## Your task
Restate every record word for word, without the pictures.

[Stored records]
........
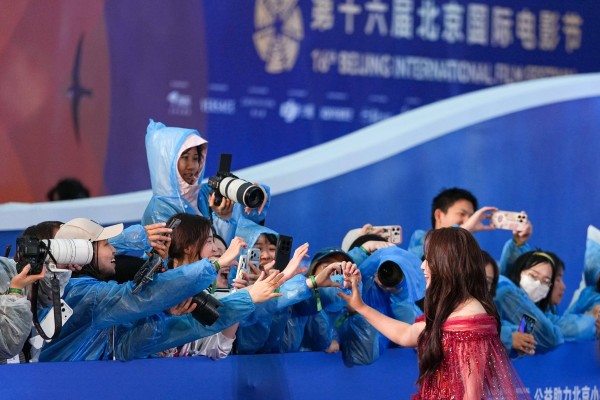 4月16日,演员江疏影在开幕红毯上与影迷互动。 新华社记者 鞠焕宗 摄
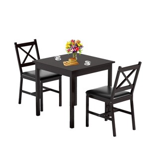 - ღ [Upgraded Cushion with Upholstery] There is one dining table and two upholstered dining chairs included with this set. Our kitchen table's modern faux leather upholstered dining chair is a cozy accent to any eating area. This wood dining set will look fantastic in your kitchen or dining area because it combines a classic comfort with a modern design.
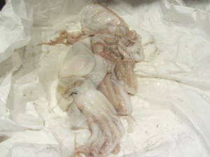 Mettere le melanzane fritte a perdere l’olio su carta assorbente.
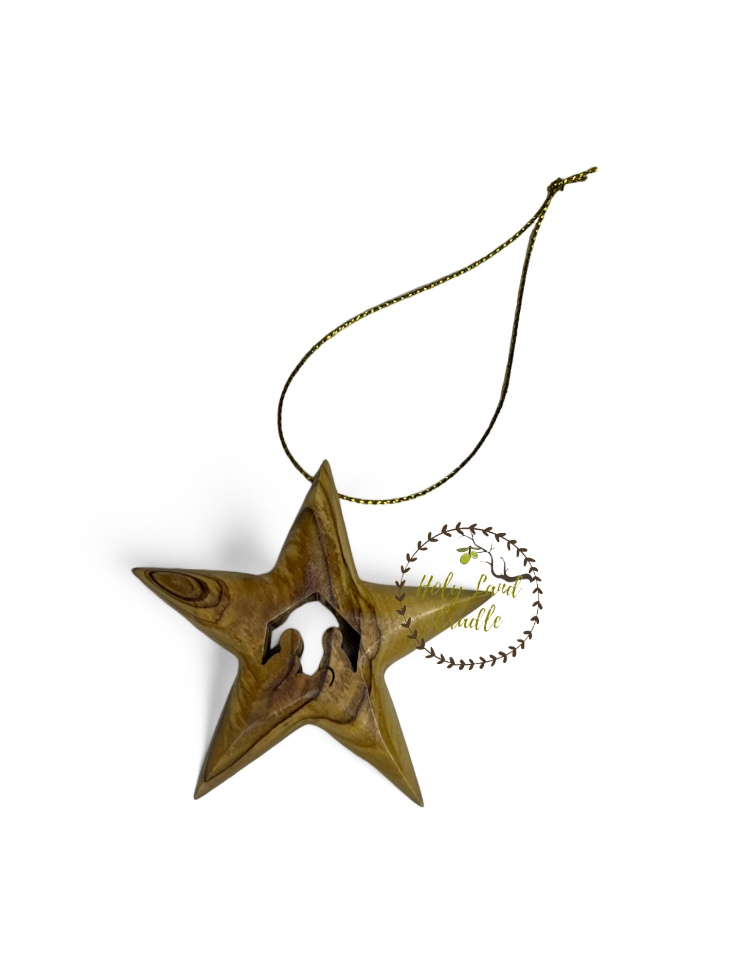 Made by our families in Bethlehem, this beautiful Olive Wood Star Ornament with Holy Family engraved is made from genuine olive wood. Make a perfect Christmas gift from Bethlehem the place where Jesus was born,
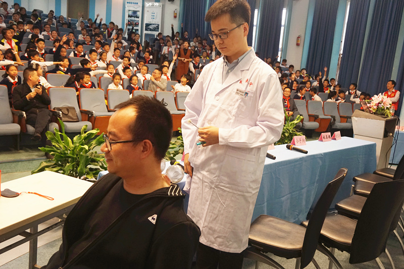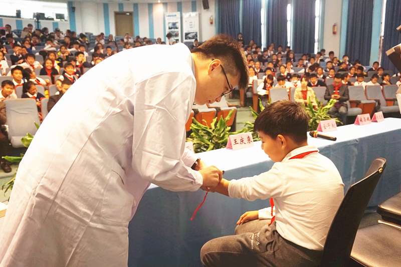 现场,王庆来院长寓教于乐,用通俗易懂的语言,通过常见食材与中药的联系,引导学生们发现身边的中医药常识,进一步认识中医药,了解中医药文化。王庆来院长还现场向学生们展示了日常穴位保健和中医刮痧、拔罐操作,学校老师和学生踊跃上台做示范,现场气氛热烈。
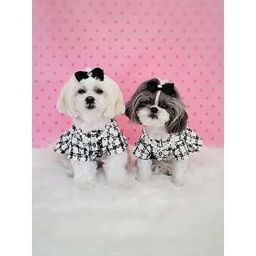This one-piece outfit features a stunning black and white plaid design embellished with golden silk accents, ensuring your furry friend will truly shine at any gathering. With meticulous attention to detail, this dog dress includes a button-up closure for added sophistication and a secure fit. The soft fabric ensures your pet has a gentle embrace, making it suitable for various activities like leisure walks, dates, vacations, and everyday outings.
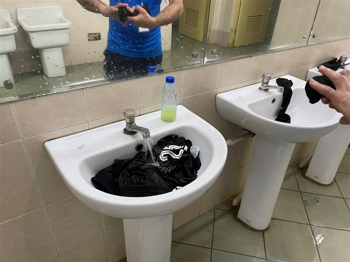 وفوجئت البعثة برش مادة بيضاء غريبة على ملابس لاعبي الفريق قبيل وصولهم لملعب المباراة، أصابتهم بالحكة في جسدهم وسط شكوى من جميع أفراد البعثة سواء لاعبين أو جهاز فني.
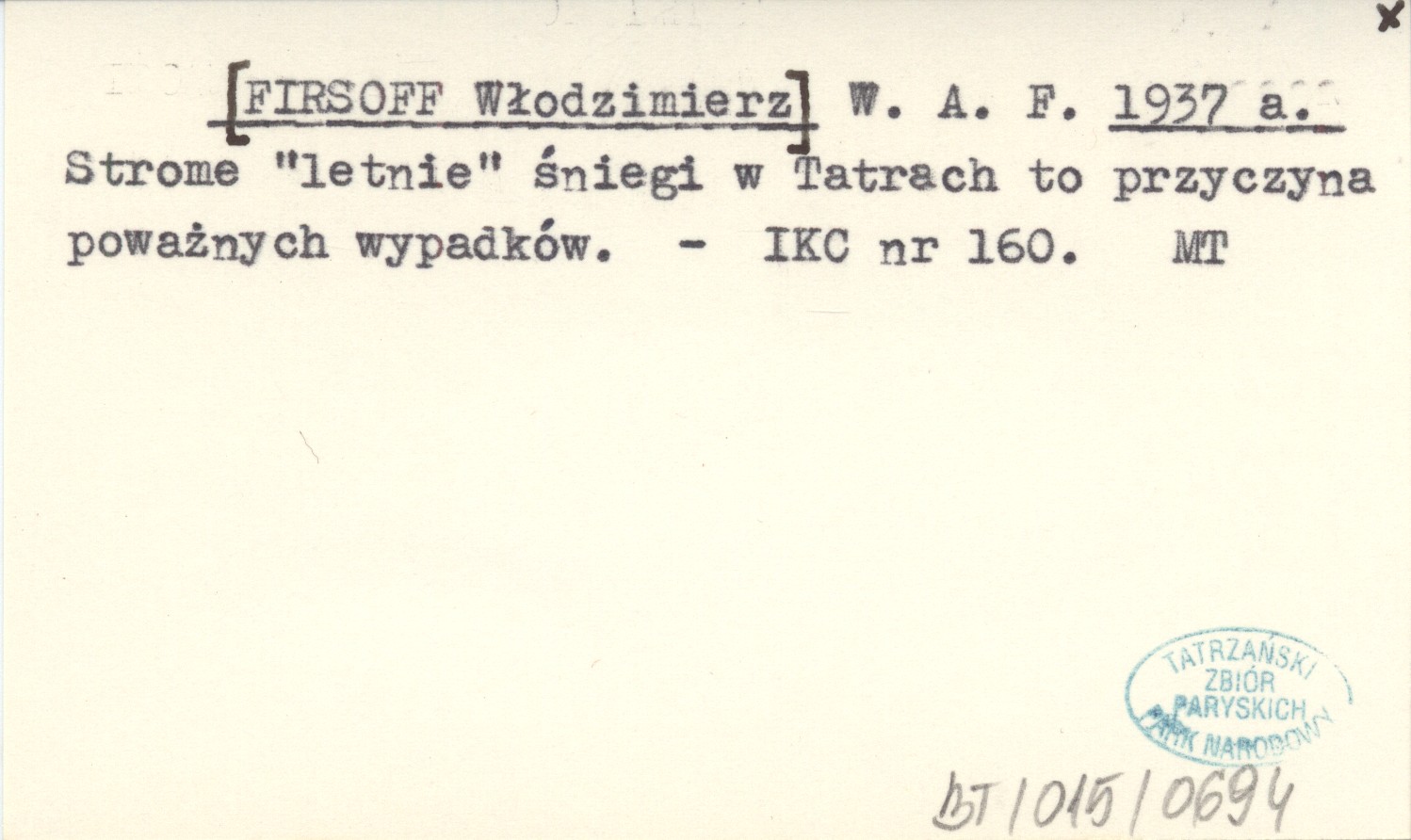 W. A. F. [FIRSOFF Włodzimierz] 1937 a Strome "letnie" śniegi w Tatrach to przyczyna poważnych wypadków.
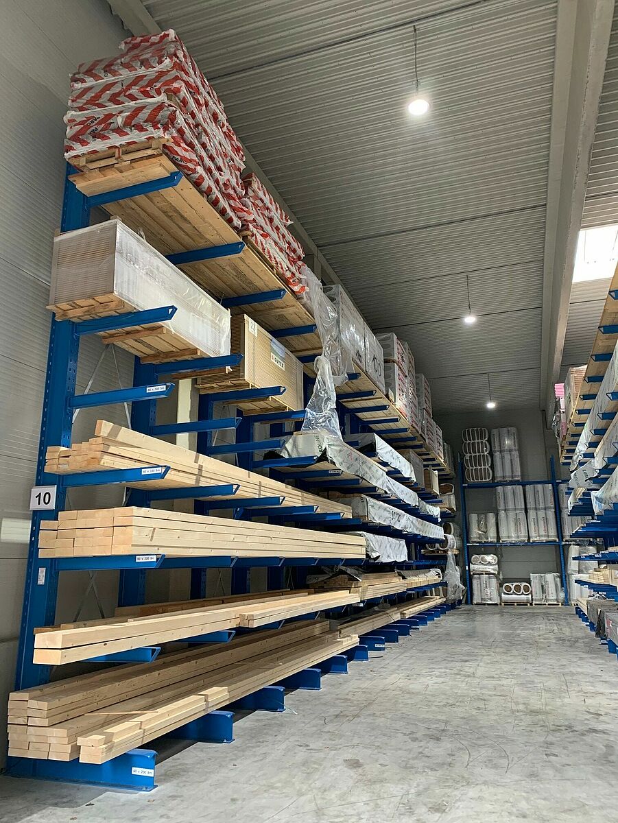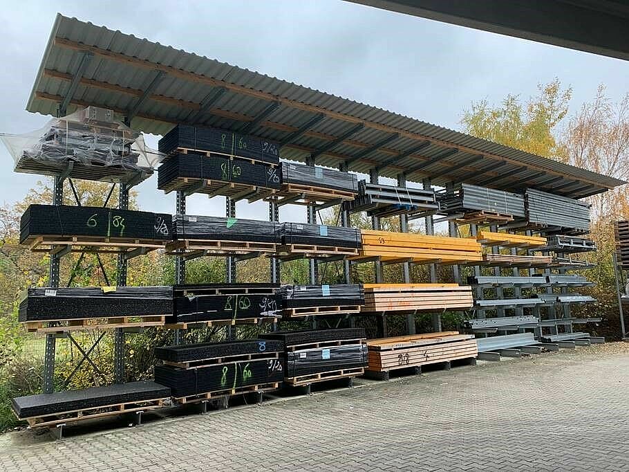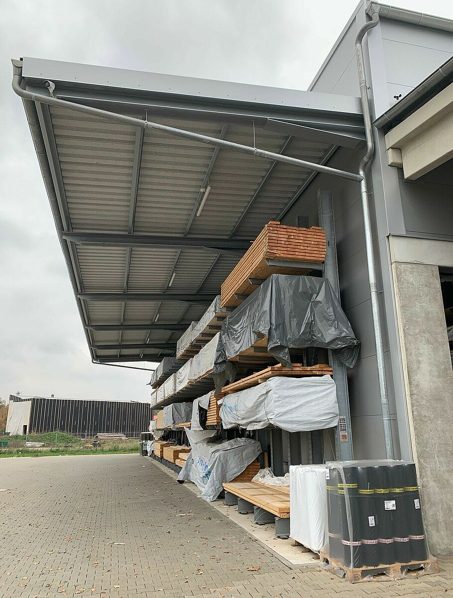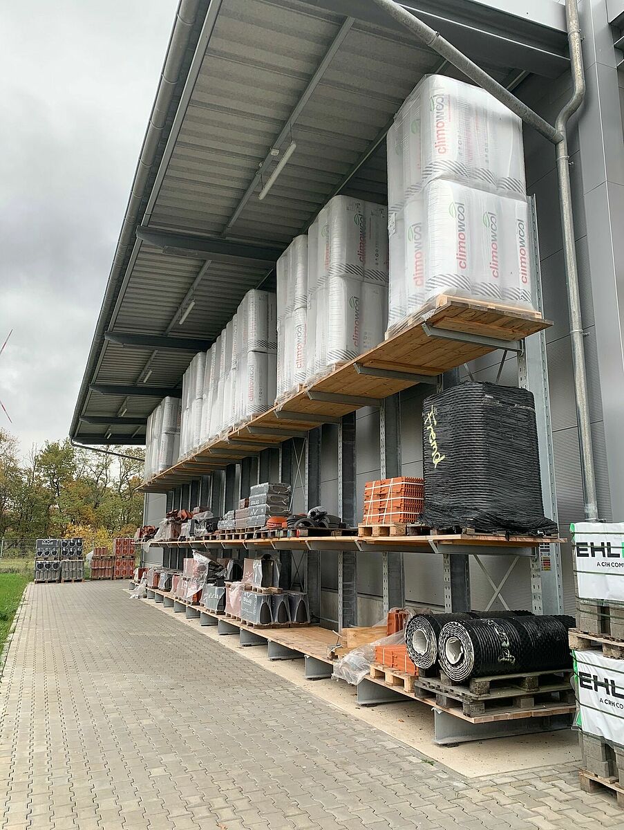 Novoizgrađena, 12 metara visoka skladišna hala nalazi se na površini od 1000 četvornih metara i nudi dodatni prostor za nove artikle kao što su fasadne ploče, izolacijske ploče ili čvrsta konstrukcijska građa. Mnogi artikli, koji su sada udobno i sigurno pohranjeni na regalima, prethodno su bili pohranjeni na otvorenom i na podu. S paletnim regalima visokima do 6,58 metara i konzolnim regalima visokima oko 7 metara, kapacitet skladištenja i pristup robi mogao je biti značajno poboljšan. Tvrtka OHRA ukupno je postavila četiri reda regala duljine oko 18 metara, koji se sastoje od paletnih i konzolnih regala, kao i dva konzolna regala duljine 25,5 metara sa šest razina skladištenja postavljenih uzduž unutarnjih zidova hale. Dodatni konzolni regali u vanjskom području pružaju prostor za manje osjetljive građevinske materijale.
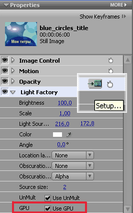 Теперь окно свойств клипа содержит пункт Light Factory. Обратите внимание на флажок, установленный перед пунктом Use GPU; его наличие говорит о том, что при построении предварительного просмотра будет задействован GPU видеокарты. При снятом флажке просчет предварительного просмотра будет производиться только центральным процессором компьютера, что может помешать тщательной оценке действий эффекта. Для доступа к дополнительным настройкам нажмите кнопку Setup.
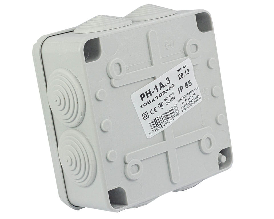 Puszka hermetyczna natynkowa 108x108x56mm IP44 szara PH‑1A.3 28.13
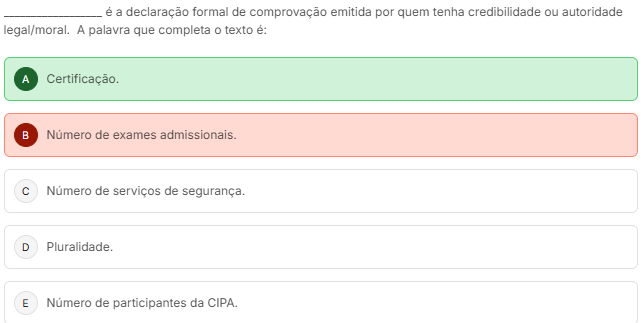 é a declaração formal de comprovação emitida por quem tenha credibilidade ou autoridade legal/moral. A palavra que completa texto é: A Certificação. Número de exames admissionais. C Numero de serviços de segurança. D Pluralidade. E Numero de participantes da CIPA.
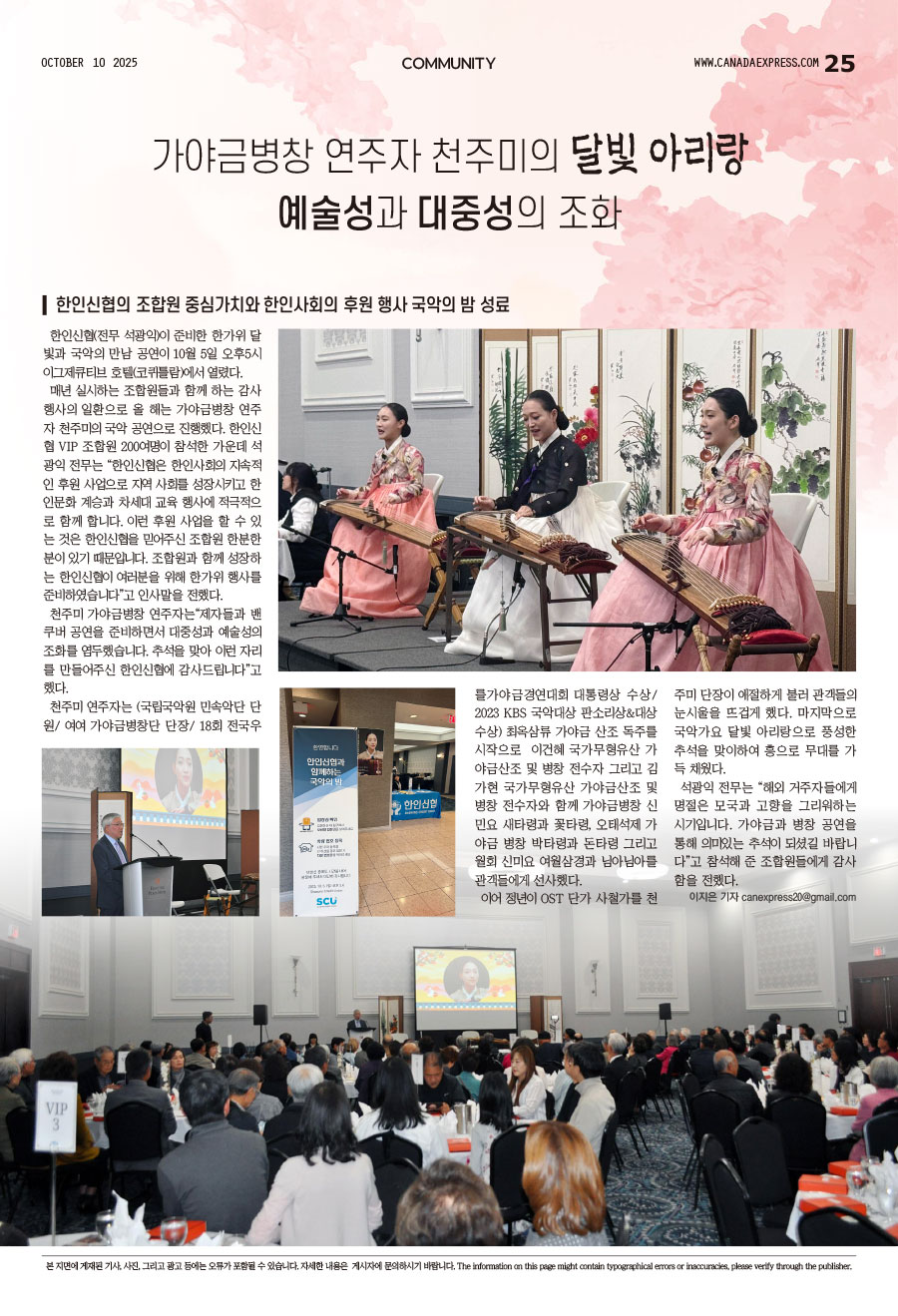 한인신협(전무 석광익)이 준비한 한가위 달빛과 국악의 만남 공연이 10월 5일 오후5시 이그제큐티브 호텔(코퀴틀람)에서 열렸다.
........
## Exercise answer
 4月16日,演员江疏影在开幕红毯上与影迷互动。 新华社记者 鞠焕宗 摄
 - ღ [Upgraded Cushion with Upholstery] There is one dining table and two upholstered dining chairs included with this set. Our kitchen table's modern faux leather upholstered dining chair is a cozy accent to any eating area. This wood dining set will look fantastic in your kitchen or dining area because it combines a classic comfort with a modern design.
 Mettere le melanzane fritte a perdere l’olio su carta assorbente.
 Made by our families in Bethlehem, this beautiful Olive Wood Star Ornament with Holy Family engraved is made from genuine olive wood. Make a perfect Christmas gift from Bethlehem the place where Jesus was born,
 现场,王庆来院长寓教于乐,用通俗易懂的语言,通过常见食材与中药的联系,引导学生们发现身边的中医药常识,进一步认识中医药,了解中医药文化。王庆来院长还现场向学生们展示了日常穴位保健和中医刮痧、拔罐操作,学校老师和学生踊跃上台做示范,现场气氛热烈。
This one-piece outfit features a stunning black and white plaid design embellished with golden silk accents, ensuring your furry friend will truly shine at any gathering. With meticulous attention to detail, this dog dress includes a button-up closure for added sophistication and a secure fit. The soft fabric ensures your pet has a gentle embrace, making it suitable for various activities like leisure walks, dates, vacations, and everyday outings.
 وفوجئت البعثة برش مادة بيضاء غريبة على ملابس لاعبي الفريق قبيل وصولهم لملعب المباراة، أصابتهم بالحكة في جسدهم وسط شكوى من جميع أفراد البعثة سواء لاعبين أو جهاز فني.
 W. A. F. [FIRSOFF Włodzimierz] 1937 a Strome "letnie" śniegi w Tatrach to przyczyna poważnych wypadków.
 Novoizgrađena, 12 metara visoka skladišna hala nalazi se na površini od 1000 četvornih metara i nudi dodatni prostor za nove artikle kao što su fasadne ploče, izolacijske ploče ili čvrsta konstrukcijska građa. Mnogi artikli, koji su sada udobno i sigurno pohranjeni na regalima, prethodno su bili pohranjeni na otvorenom i na podu. S paletnim regalima visokima do 6,58 metara i konzolnim regalima visokima oko 7 metara, kapacitet skladištenja i pristup robi mogao je biti značajno poboljšan. Tvrtka OHRA ukupno je postavila četiri reda regala duljine oko 18 metara, koji se sastoje od paletnih i konzolnih regala, kao i dva konzolna regala duljine 25,5 metara sa šest razina skladištenja postavljenih uzduž unutarnjih zidova hale. Dodatni konzolni regali u vanjskom području pružaju prostor za manje osjetljive građevinske materijale.
 Теперь окно свойств клипа содержит пункт Light Factory. Обратите внимание на флажок, установленный перед пунктом Use GPU; его наличие говорит о том, что при построении предварительного просмотра будет задействован GPU видеокарты. При снятом флажке просчет предварительного просмотра будет производиться только центральным процессором компьютера, что может помешать тщательной оценке действий эффекта. Для доступа к дополнительным настройкам нажмите кнопку Setup.
 Puszka hermetyczna natynkowa 108x108x56mm IP44 szara PH‑1A.3 28.13
 é a declaração formal de comprovação emitida por quem tenha credibilidade ou autoridade legal/moral. A palavra que completa texto é: A Certificação. Número de exames admissionais. C Numero de serviços de segurança. D Pluralidade. E Numero de participantes da CIPA.
 한인신협(전무 석광익)이 준비한 한가위 달빛과 국악의 만남 공연이 10월 5일 오후5시 이그제큐티브 호텔(코퀴틀람)에서 열렸다.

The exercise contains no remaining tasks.